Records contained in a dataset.
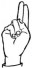 На ћирилици написано УРОШ КЛЕМЕНОВИЋ састоји се из 14 слова [?]. Исписано ћириличном једноручном азбуком за глувонеме:
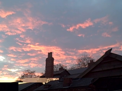 I’m hoping for some nice weather so that we can sit in the garden (possibly while eating cake...). It’s been raining on-and-off all week in York, with temperatures of about 10 degrees centigrade. Tonight there was a reddish sunset, which you can see here in this short video made by my special assistant, Clara (aged 12):
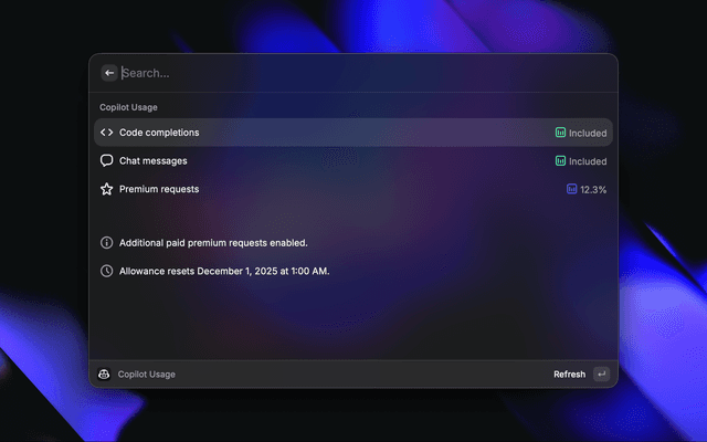 • Copilot Usage: View the remaining usage included in your GitHub Copilot subscription, including code completions, chat messages, and premium requests. Track your consumption and see when your allowance resets.
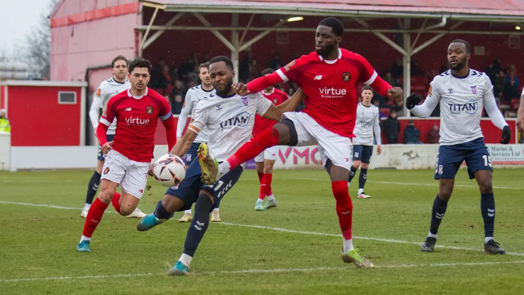 The Fleet certainly looked the part for the opening 45 minutes and fans could have been confused about who was in promotion form and which team was bottom of the table. Alex Lankshear took the game to York down the left early on before George Moncur’s free-kick landed just out of reach of a red shirt inside the box.
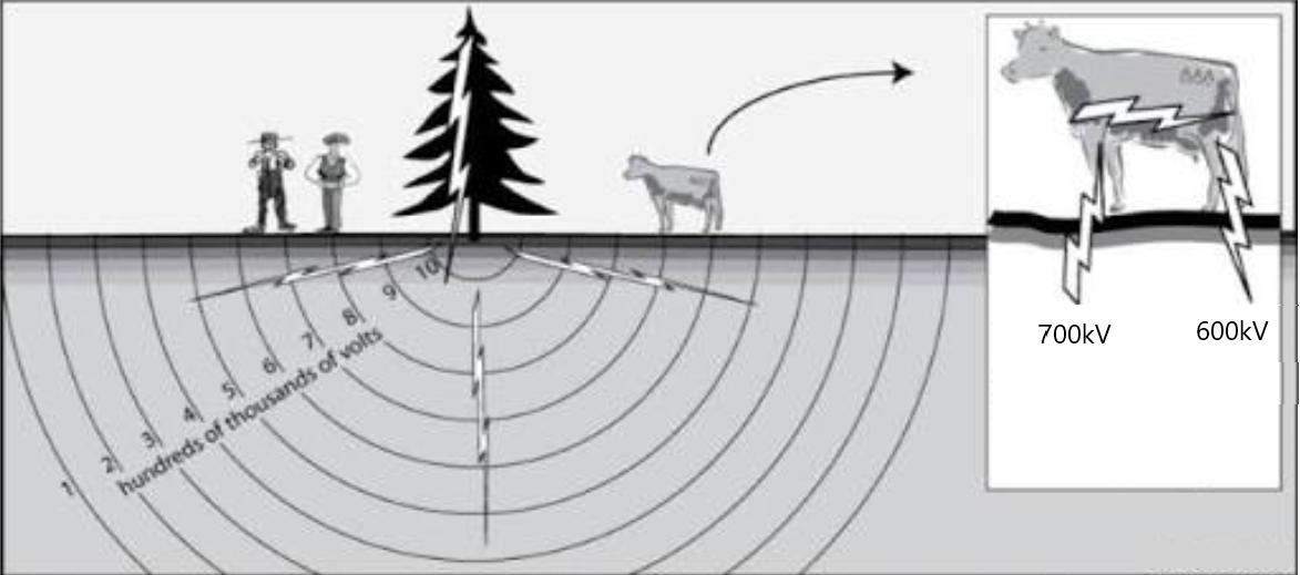 当一道雷电击中树木或者周围的地面时,电流会顺着地面扩散到远处。其中越靠近雷电击中点,电压就越高,距离雷电击中点越远,电压就会越低。
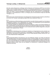 Drucksache 5/ 4502 Thüringer Landtag - 5. Wahlperiode (Stichwort: Familienbild) in Schule und Unterricht in Thüringen behandelt (Lehrplangestaltung, Gestal- tung von Schulbüchern, Qualifizierung von Lehrkräften usw.)? Wie wird diese Thematik in der Jugend- arbeit, Erwachsenenbildung und weiteren Bereichen berücksichtigt? 4. Inwieweit unterstützt der Freistaat Thüringen Organisationen und Aktivitäten der in den Fragen 1 bis 3 genannten Art finanziell bzw. logistisch (bitte für den Zeitraum von 2004 bis 2011 - soweit möglich auch für das Jahr 2012 - jeweils nach Jahresscheiben, geförderter Organisation bzw. Aktivitäten, Inhalt der Arbeit, die für die Zuwendung verantwortliche öffentliche Stelle und Fördersumme ausweisen)? 5. Inwiefern fand im Zeitraum von 2004 bis 2012 (1. Quartal) eine Evaluierung der geförderten Organisa- tionen (vgl. Frage 4) statt? Welche Kritik gab es nach Kenntnis der Landesregierung von Seiten der Or- ganisationen/Projekte, bezogen auf den o. g. Zeitraum? 6. Welchen Handlungsbedarf sieht die Landesregierung hinsichtlich der - insbesonderen finanziellen - Un- terstützung der o. g. (vgl. Frage 1 bis 4) Organisationen und Aktivitäten in Thüringen - auch mit Blick auf politische und rechtliche Vorgaben von Landes-, Bundes- und internationaler Ebene? Das Thüringer Ministerium für Soziales, Familie und Gesundheit hat die Kleine Anfrage namens der Landesregierung mit Schreiben vom 22. Mai 2012 wie folgt beantwortet: Vorbemerkung: Thüringen ist eines der wenigen Bundesländer, die in der Landesverfassung das Gleichstellungsgebot be- züglich der sexuellen Orientierung aufgenommen hat. Artikel 2 Abs. 3: "Niemand darf wegen …seines Ge- schlechtes oder seiner sexuellen Orientierung bevorzugt oder benachteiligt werden". Diese Vorgabe ist für Exekutive, Legislative und Judikative bindend. Statistische Angaben zur sexuellen Orientierung der Menschen im Freistaat Thüringen liegen nicht vor. Die tatsächliche Häufigkeit von homosexuellen Lebenserfahrungen hängt zu einem großen Teil von gesellschaft- lichen und kulturellen Rahmenbedingungen ab und kann daher nicht universell, sondern nur zeitgebunden und auf sozialen Schichten spezifiziert bestimmt werden. Die Vereinbarung über die Bildung einer Koalitionsregierung für die Fünfte Legislaturperiode des Thürin- ger Landtags setzt sich für die Stärkung der Rechte gleichgeschlechtlich orientierter Personen ein. Explizit genannt werden die bereits erfolgte Regelungen zum Lebenspartnerschaftsgesetz (Verpartnerung in Stan- desämtern, GVBl. 2010 S. 538) und zu den Versorgungsansprüche von Beamten und Beamtinnen (GVBl. 2011 S. 233). Die Landesregierung bekennt sich damit sich für die Belange von Bürgerinnen und Bürgern unterschiedlicher sexueller Orientierung und Identität einzusetzen. Gegenwärtig wird eine größere gesamtgesellschaftliche Diskussionsbereitschaft mit Bürgerinnen und Bür- ger mit lesbischer, schwuler, bisexueller, transgender und intersexueller Identität (LSBTI) als notwendig er- achtet. Die gleichberechtigte Teilhabe am Leben von Bürgerinnen und Bürgern mit lesbischer, schwuler, bisexueller, transgender und intersexueller Identität (LSBTI) ist gesamtgesellschaftliches Anliegen für alle Bürgerinnen und Bürger. Eine aktive demokratische und vorurteilsfreie Integration und Teilhabe ist das ver- bindende übergeordnete Ziel. Die Landesregierung vertritt weiterhin die Auffassung, Chancengleichheitspolitik jedwelcher Art sollte nicht für, sondern stets mit den betroffenen Personengruppen gestaltet werden. Daher hat die Landesregierung mit Beginn der 5. Legislaturperiode die kontinuierliche Diskussion mit Vertreterinnen/Vertretern der Men- schen mit sexueller Identität LSBTI gesucht und im Jahr 2011 einen entsprechenden Dialog im federführen- den Thüringer Ministerium für Soziales, Familie und Gesundheit begonnen. Die Diskussion orientiert sich dabei am Thesenpapier "Menschsein", das von einer AG Christopher Street Day im Jahr 2011 zur Bekannt- machung und Durchsetzung ihrer gesellschaftlichen Forderungen vorgelegt wurde (vgl. http://www.csd-wei- mar.de/index.php/csd-thueringen-2011/forderungen). Zu 1.: In der Landesregierung sind nur die Personen und Verbände/ Vereine bekannt, die um Gespräche oder um Förderung nachsuchen. Insofern kann nachfolgend als Verein lediglich der Lesben- und Schwulenverband Deutschlands (LSVD), Landesverband Thüringen e.V. benannt werden. Aktivitäten können der Internetsei- te entnommen werden. Url: http://thueringen.lsvd.de 2
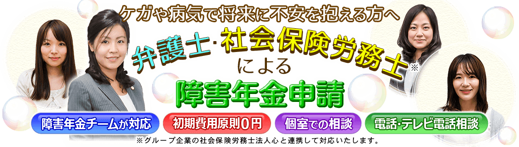 障害年金に詳しい社労士・弁護士が対応いたします。障害年金の申請をお考えでしたら、当事務所までお問い合わせください。
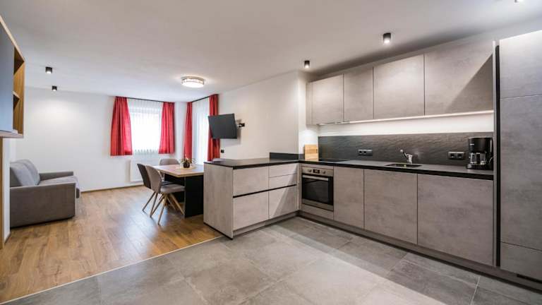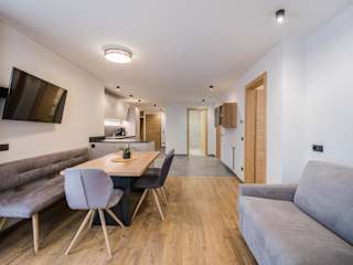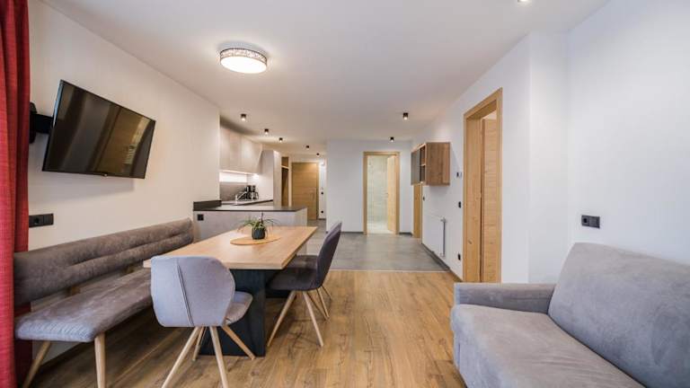 Die Ferienwohnung verfügt über 2 Schlafzimmer, ein Wohnzimmer mit TV, eine gut ausgestattete Küche mit Kühlschrank und Geschirrspüler sowie 2 Badezimmer mit Dusche. Zudem bietet die Wohnung einen Balkon mit Bergblick und handtücher sowie Bettwäsche werden zur Verfügung gestellt.

Exercise description.
Without the pictures, copy the entries from their first line through the line containing "当一道雷电击中树木或者周围的", and only those lines.

Output of the exercise.
 На ћирилици написано УРОШ КЛЕМЕНОВИЋ састоји се из 14 слова [?]. Исписано ћириличном једноручном азбуком за глувонеме:
 I’m hoping for some nice weather so that we can sit in the garden (possibly while eating cake...). It’s been raining on-and-off all week in York, with temperatures of about 10 degrees centigrade. Tonight there was a reddish sunset, which you can see here in this short video made by my special assistant, Clara (aged 12):
 • Copilot Usage: View the remaining usage included in your GitHub Copilot subscription, including code completions, chat messages, and premium requests. Track your consumption and see when your allowance resets.
 The Fleet certainly looked the part for the opening 45 minutes and fans could have been confused about who was in promotion form and which team was bottom of the table. Alex Lankshear took the game to York down the left early on before George Moncur’s free-kick landed just out of reach of a red shirt inside the box.
 当一道雷电击中树木或者周围的地面时,电流会顺着地面扩散到远处。其中越靠近雷电击中点,电压就越高,距离雷电击中点越远,电压就会越低。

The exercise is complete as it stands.